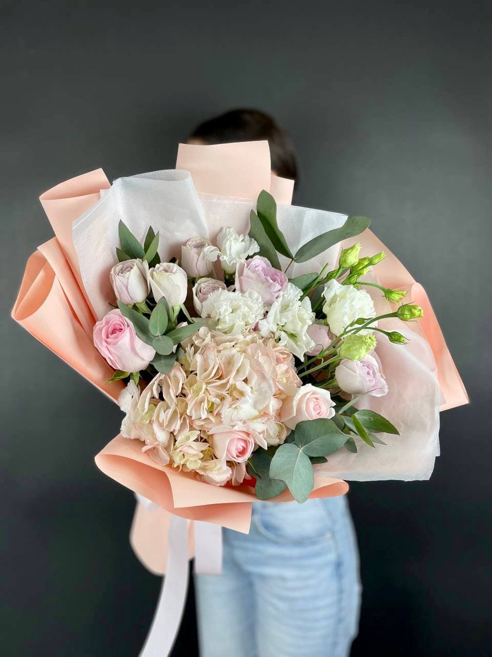 Пышные шапки гортензии задают основной объём, а бутоны роз и эустомы расставлены между ними с лёгкой небрежностью. Эвкалипт добавляет свежести и делает композицию живой.
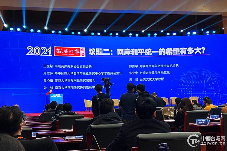 2021《环球时报》年会2020年12月5日在北京举办。图为年会现场,“两岸和平统一的希望有多大?”成为本次年会最受关注的议题之一。(中国台湾网 李柏涛 摄)
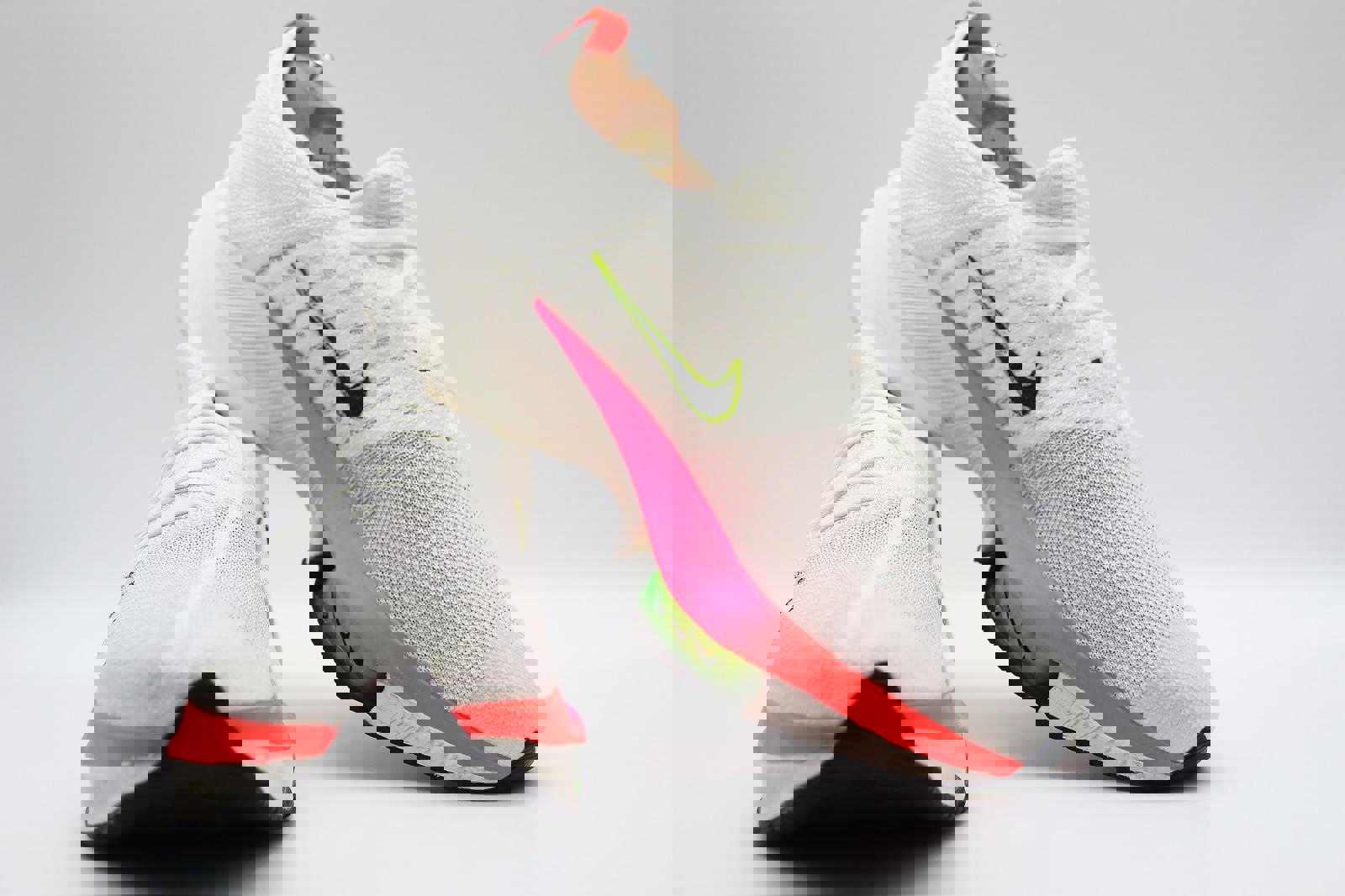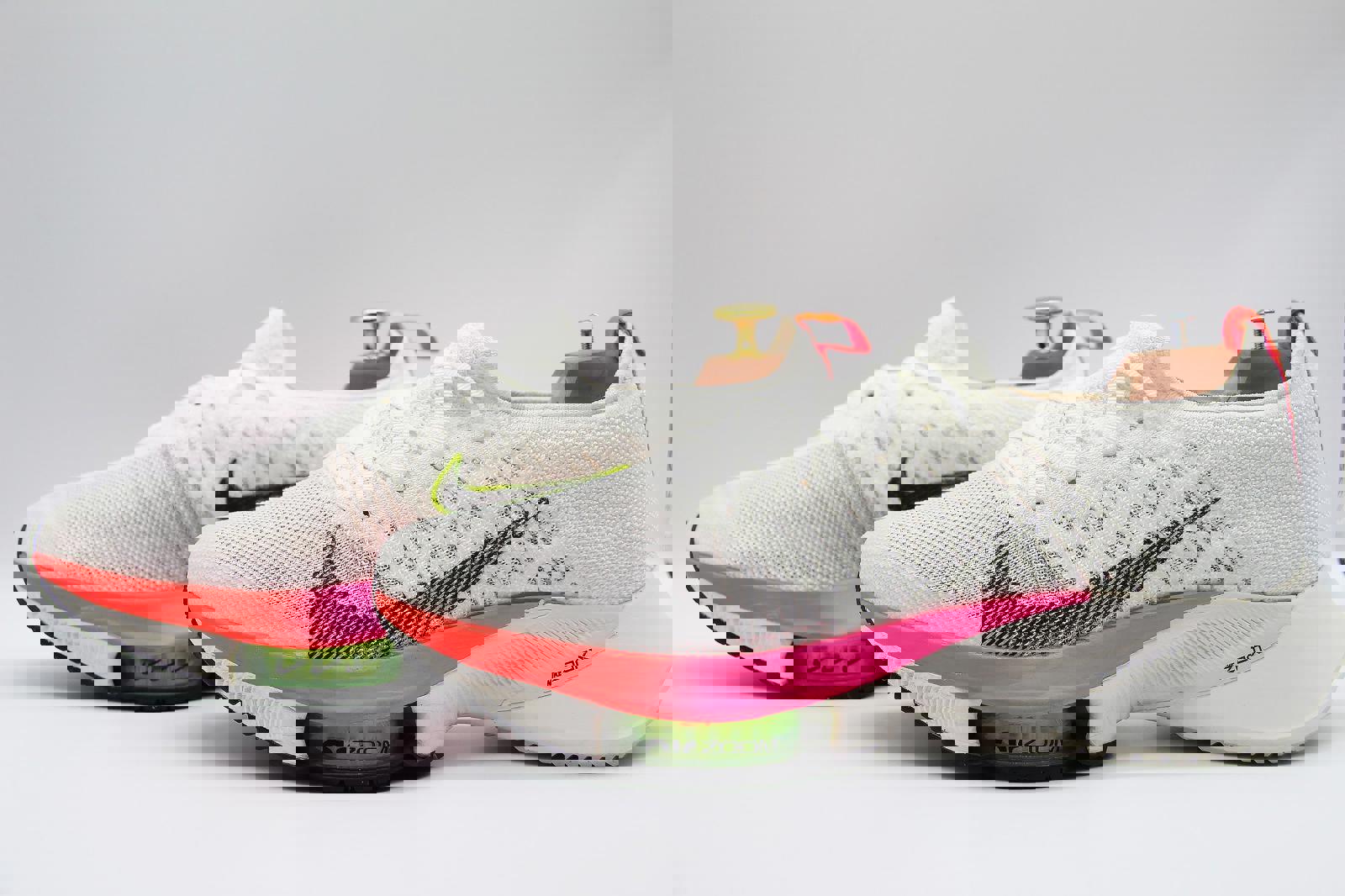 Push your pace in the Nike Air Zoom Tempo NEXT% Flyknit ‘Rawdacious’, style code DJ5430-100. This high-performance runner combines ZoomX foam, Zoom Air pods, and Flyknit construction in a striking Rawdacious colorway—featuring a white base with neon pink and volt accents, designed to celebrate sport and movement.
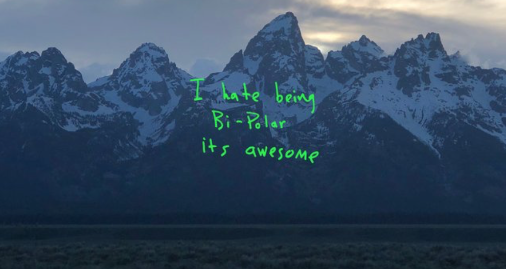 I’m being asked a bit about Kanye’s recent album Ye, which I listened to over the weekend as part of my “remain pop culturally relevant in my 40s” project. (I read recently we stop exploring music in our 30s…I wish/beg to differ; I’m also resisting increasing the font size on my phone, but that’s another story.) Kanye uses the album to come out as bipolar. The album art from the outset sings it:
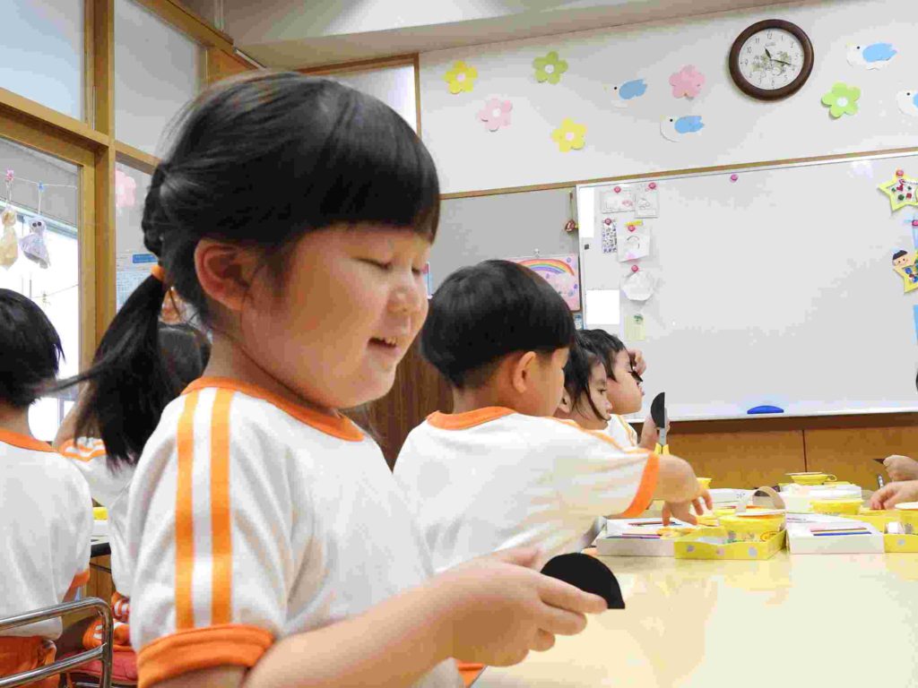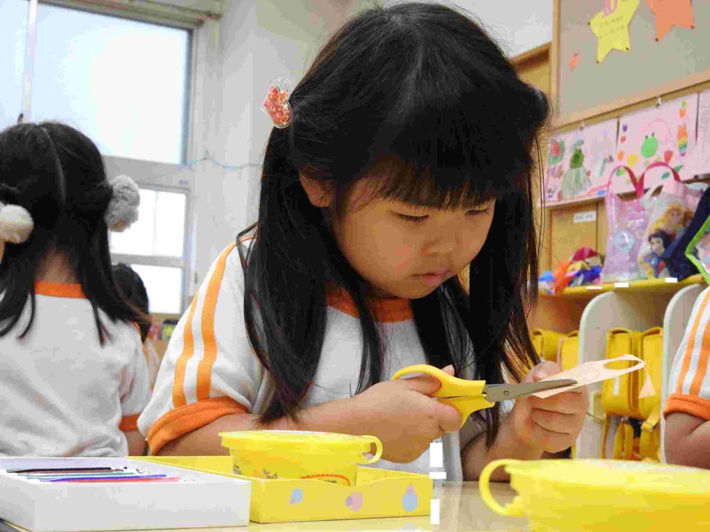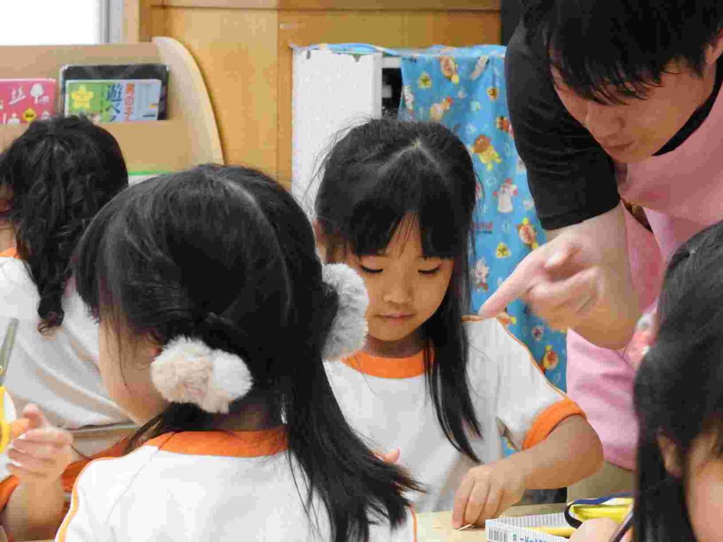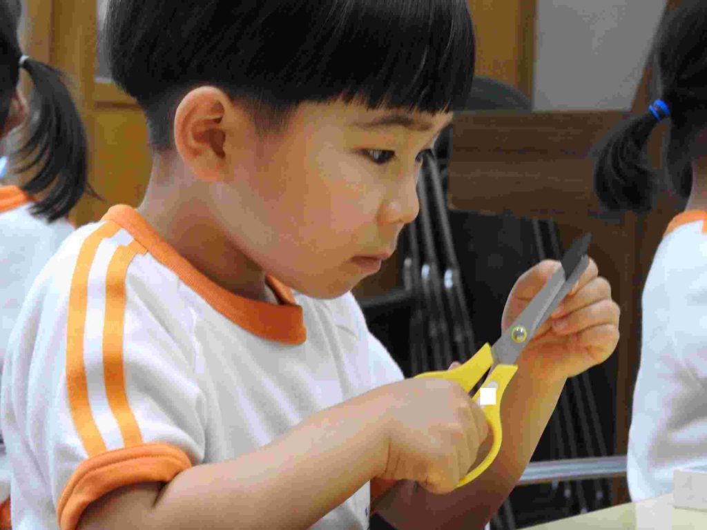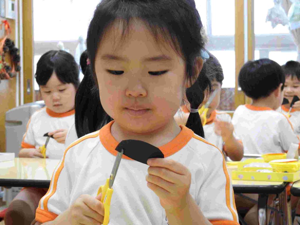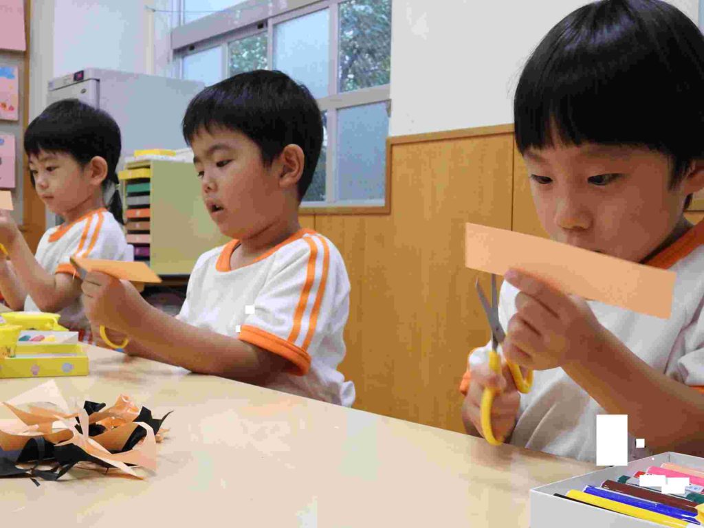 ハサミの使い方がとても上手になってきました。細かい作業も進めることができます。今日は「織姫、彦星の顔と手」を作りました。髪の毛の質感を出す工夫を先生と一緒に考えました。

-------

**TASK BRIEF:**
The result should be every entry, word for word, and no pictures.

**TASK RESULT:**
 Пышные шапки гортензии задают основной объём, а бутоны роз и эустомы расставлены между ними с лёгкой небрежностью. Эвкалипт добавляет свежести и делает композицию живой.
 2021《环球时报》年会2020年12月5日在北京举办。图为年会现场,“两岸和平统一的希望有多大?”成为本次年会最受关注的议题之一。(中国台湾网 李柏涛 摄)
 Push your pace in the Nike Air Zoom Tempo NEXT% Flyknit ‘Rawdacious’, style code DJ5430-100. This high-performance runner combines ZoomX foam, Zoom Air pods, and Flyknit construction in a striking Rawdacious colorway—featuring a white base with neon pink and volt accents, designed to celebrate sport and movement.
 I’m being asked a bit about Kanye’s recent album Ye, which I listened to over the weekend as part of my “remain pop culturally relevant in my 40s” project. (I read recently we stop exploring music in our 30s…I wish/beg to differ; I’m also resisting increasing the font size on my phone, but that’s another story.) Kanye uses the album to come out as bipolar. The album art from the outset sings it:
 ハサミの使い方がとても上手になってきました。細かい作業も進めることができます。今日は「織姫、彦星の顔と手」を作りました。髪の毛の質感を出す工夫を先生と一緒に考えました。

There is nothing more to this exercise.